Nobody Will Ever Know

The weekend couldn’t come quick enough for me and seemed such a long week until it finally arrived. Saturday I woke with a feeling of knowing exactly what I wanted to do, but I didn’t really want to do it. It was going to be messy, it was going to hurt and it would never be seen. But that is the nature of restoration that I have learned so very quickly. The job in question was removing Waxoyl from inside the car roof. As you may or may not know, I had fun and games removing it from the floor pans before I treated them with POR15 paint. This time it was above me and I wasn’t too sure how I was going to attack it. Red Bull drinks were lined up and snacks were lined up like little toy soldiers on my Blue Point work cart, I knew what was coming. Plan A; was to rub the wax off with a bunch of rags and degreasant, I tried but I only seemed to spread it about and not remove it fully. Plan B; drink Red Bull and find a scraper while eating a snack. This gave the poor ol’ bloke arm muscles time to recover from half an hour of what seemed like somebody setting fire to them, they were burning that much. The man cave has lots of things that I have stored, (not hoarded – Stored) to choose from. I found all sorts of flexible implements that I could try and felt rather pleased with myself walking back to the garage. Trials were undertaken for the best tool. First was a plastic separator for a tool compartment – that was too soft, but would make an excellent filler spreader tool. (Note made to self at this point, for a small spreader use this bit of plastic). Secondly I had a silicon sealer remover, this was OK but too small and hurt the hands due to the funny angles on it. Thirdly I had a pallet knife that was good but again to small and too stiff and dug into the metal on more pronounced curves as it was sharp. The winner was an old filling knife I used for decorating, it was flexible and formed to the very slight curves of the roof, it didn’t dig into the metal and scraped of a good amount each time.

roof4

I started from the back to the front and the flex of the blade followed the roof well. The whole process was messy as the skin grafts of wax were raining down on me and went everywhere. At the start of the work you can see the roof under the wax which wasn’t pretty but it worried me a bit as it looked rust coloured, so I wanted to protect it best the best way possible. I took a photo of half the roof done for a comparison with and without the Waxoyl to show what it was hiding.

The mess was unbelievable and the old towels I had put down were not enough to cope with the mess. The side pillars at the rear were also cleaned up but were going to get a slightly different process. Snacks were consumed and a fair amount of water taken into the system. Arms are now aching beyond belief.

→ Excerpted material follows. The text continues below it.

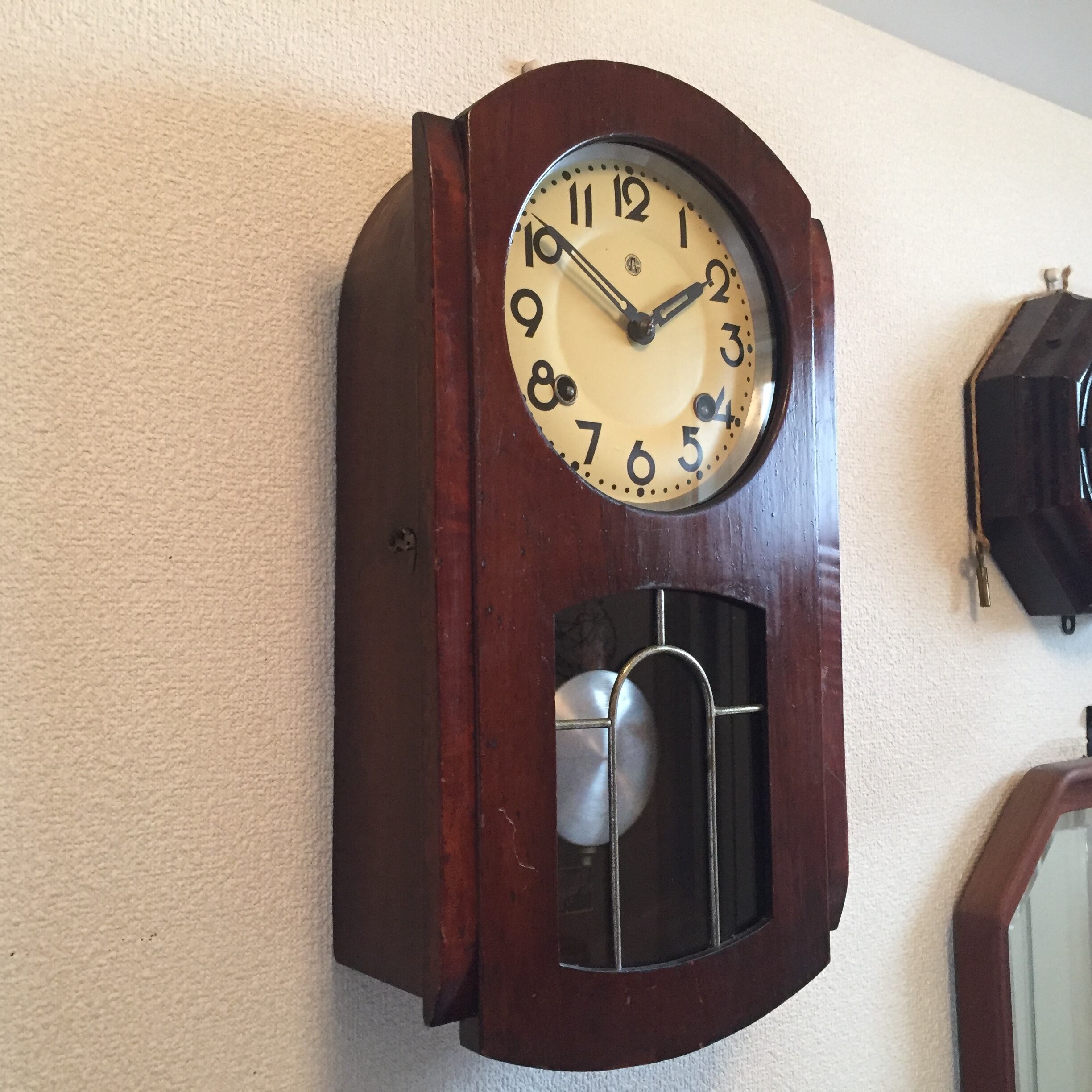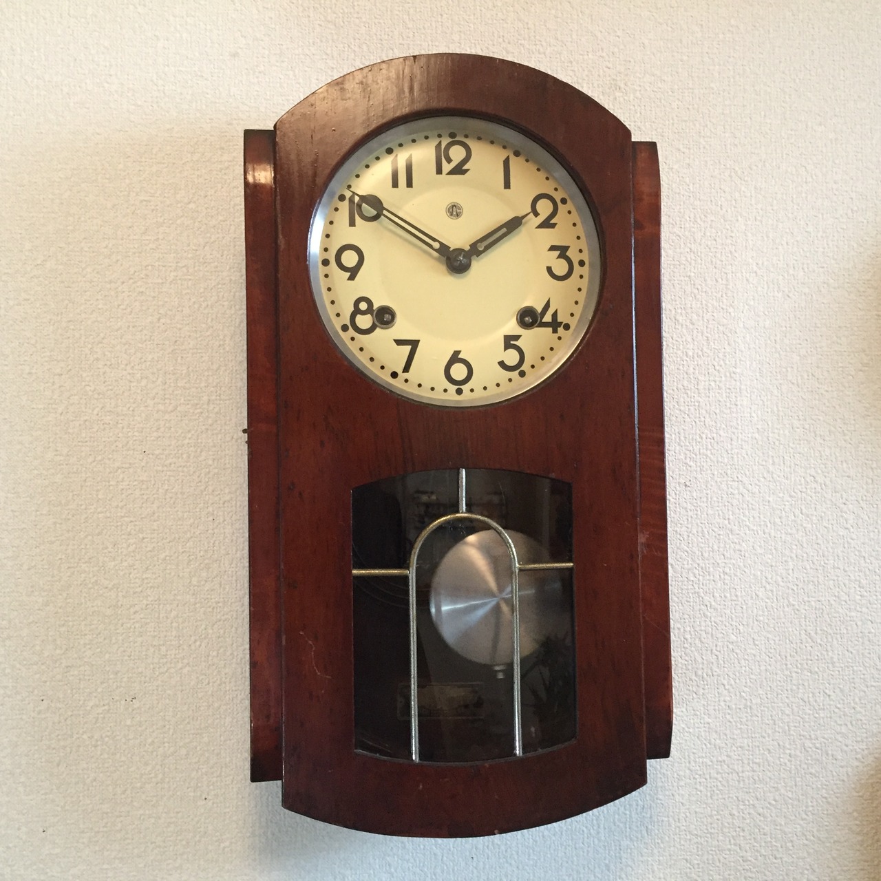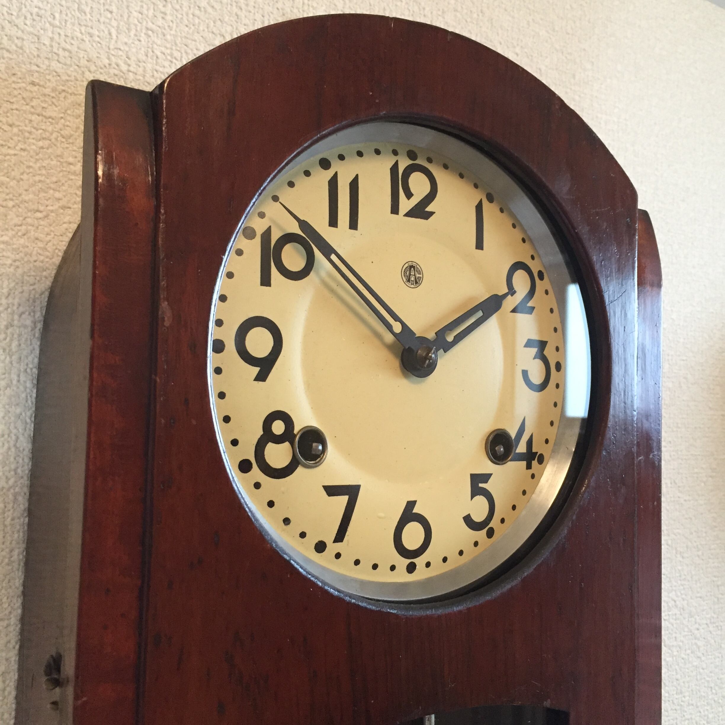 アルミの振り子に機械はすべて真鍮製ですので、製造時期は戦後間もない頃と思われます。

Once the roof was stripped of the wax I had to degrease it with the strongest mixture of POR Marine Clean  I could mix up on 1:1 basis. This cut through the grease and left a very clean surface after a couple of treatments. this was left to dry thoroughly.

I used a full tin of Rust Prevention paint (picture on the process page, or click here) as this time as there was no real rust to be fair. The paint required two thin coats within ten minutes of each other. They looked a little patchy when drying but the end results was amazingly smooth and consistent to a whitish grey in colour.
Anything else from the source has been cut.